12/06/2007

Remember the Sun

I haven't posted in a long time. I've realized that on a day to day basis, my life is not very exciting. So, let's go back to what works for me: randomness. I found some pictures from the Applefest Half Marathon in October.

The day was unseasonably hot. I was also not in the best of shape.

In years past, I've placed in my age group and won an apple pie for my effort.

Around mile 5, I knew pie was out of the question. At mile 7, I got tingley. 10-12 are a blur of white hot sun and the taste of salt tinged despair. The end was okay.

And alas, no pie. This is the day I remember now when the temperature drops into the single digits.

10/11/2007

Portland Continued

Walking through this patch of woods was the shortest way around parts of Portland.



Tree tumor?

10/04/2007

Portland in the Day

There wasn't a lot of sun in Pacific Northwest during our trip. I'm not sure if that's normal or we were just really lucky. Below is our stroll through Portland State, situated at the heart of Downtown.

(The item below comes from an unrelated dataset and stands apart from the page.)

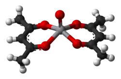 Complexes of vanadium(II) and (III) are reducing, while those of V(IV) and V(V) are oxidants. The vanadium ion is rather large and some complexes achieve coordination numbers greater than 6, as is the case in [V(CN)7]4−. Oxovanadium(V) also forms 7 coordinate coordination complexes with tetradentate ligands and peroxides and these complexes are used for oxidative brominations and thioether oxidations. The coordination chemistry of V4+ is dominated by the vanadyl center, VO2+, which binds four other ligands strongly and one weakly (the one trans to the vanadyl center). An example is vanadyl acetylacetonate (V(O)(O2C5H7)2). In this complex, the vanadium is 5-coordinate, distorted square pyramidal, meaning that a sixth ligand, such as pyridine, may be attached, though the association constant of this process is small. Many 5-coordinate vanadyl complexes have a trigonal bipyramidal geometry, such as VOCl2(NMe3)2.[45] The coordination chemistry of V5+ is dominated by the relatively stable dioxovanadium coordination complexes[46] which are often formed by aerial oxidation of the vanadium(IV) precursors indicating the stability of the +5 oxidation state and ease of interconversion between the +4 and +5 states.[47]

I don't know how well it shows up, but this dorm was designed with Egyptian scultptures and glyphs. It was the only themed building on campus.


A view across the raised soccer field. Notice the lucky people who have big houses on the hill overlooking the city. Some of them are actually supported by stilts.

9/27/2007

Portland

Jen and I spent a few days on the west coast earlier this month. This first fuzzy shot is from the plane. I'm pretty sure that the taller mountain on the right is Mt. Hood, but his little friend remains anyonymous.

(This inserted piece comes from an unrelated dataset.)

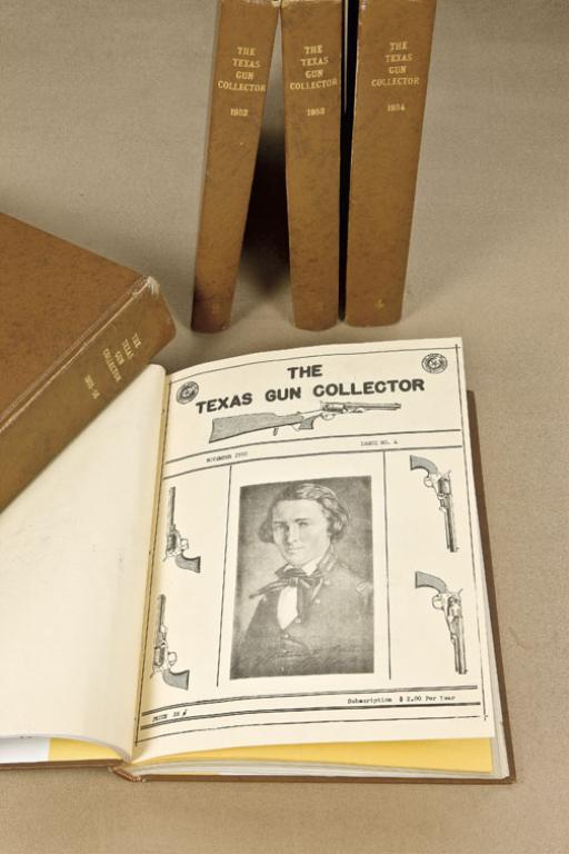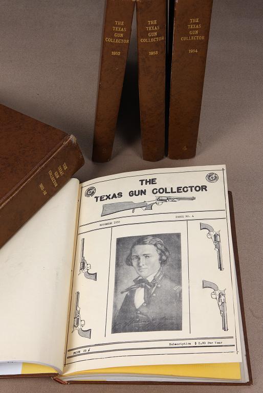 Five bound books containing seven years of original Texas Gun Collector Association Magazines covering the years 1950 thru 1956, all in overall good condition; a wealth of early collecting information and researchprovenance on many important firearms and collectibles. Est.: $100-$200.

This is where the light rail dropped us off from the airport. I'm not sure what it is, but there were pretty, shiny lights.


More lights. We landed at 7:30, but of course that was 10:30 to us and we hadn't eaten in eight hours. This was outside the nifty pub we found. I had raspberry beer. The wonders of Oregon.


Tomorrow: Oregon in the daytime!

9/24/2007

A Place in the Woods

Jen and I spent a Sunday in Walden Pond a couple weeks ago.

A single, small tree shows impatience at the coming autumn.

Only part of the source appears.